Deux enseignantes et 13 élèves dans la plus petite école de la région

À l'école Sainte-Rose, les élèves sont divisés en deux classes. Ceux de la 4e à la 6e année sont avec Mme Audrey et ceux de la maternelle, 2e et 3e année avec Mme Marilyn.

Ils sont 13 élèves. Pas dans leur classe. Ils sont 13 élèves dans leur école. À Sainte-Rose-du-Nord, les enfants du village ont un parcours scolaire qui sort de l’ordinaire. Incursion dans la plus petite école primaire du Saguenay-Lac-Saint-Jean.


Lundi matin, 8h30. La première chose qu’on remarque en y pénétrant, c’est le calme. À 13 élèves, même s’ils sont très enjoués et énergiques, les corridors sont beaucoup plus silencieux que dans un établissement de 200 ou même 400 jeunes.

Découvrez pourquoi les élèves de l'école Sainte-Rose aiment leur école. (Jeannot Lévesque / Le Quotidien)

Ils nous attendent de pied ferme. «Quand une nouvelle personne arrive, ils veulent tout savoir, dit l’une des enseignants, Mme Audrey.
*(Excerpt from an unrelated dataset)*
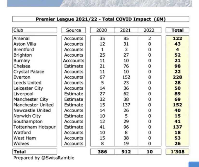 And let’s not start with their claim that their Covid impact was £100m more than any other club in the Premier League! No idea how a club with such a small stadium would suffered such a large loss due to no games!

Ils veulent savoir comment elle s’appelle, ce qu’elle fait dans la vie et où elle habite!»

La directrice, Isabelle Tremblay, l’a vécu, en août, puisqu’elle est la petite nouvelle. Celle qui a été à la direction de l’unité 1 à l’École secondaire Charles-Gravel, puis directrice de l’école primaire La Pulperie à Chicoutimi, a complètement changé de décor.

La directrice, Isabelle Tremblay, est la petite nouvelle de l'école cette année. Elle a voulu un défi différent après avoir été la directrice de l'école La Pulperie à Chicoutimi.

«Je divise mon temps entre ici et l’école Vanier. À Sainte-Rose, l’équipe est vraiment autonome et elles sont ailleurs dans la pédagogie. C’est pratiquement un enseignement individualisé. Il y a beaucoup d’entraide. Entre les filles, mais aussi avec la communauté. C’est beau de les voir travailler.»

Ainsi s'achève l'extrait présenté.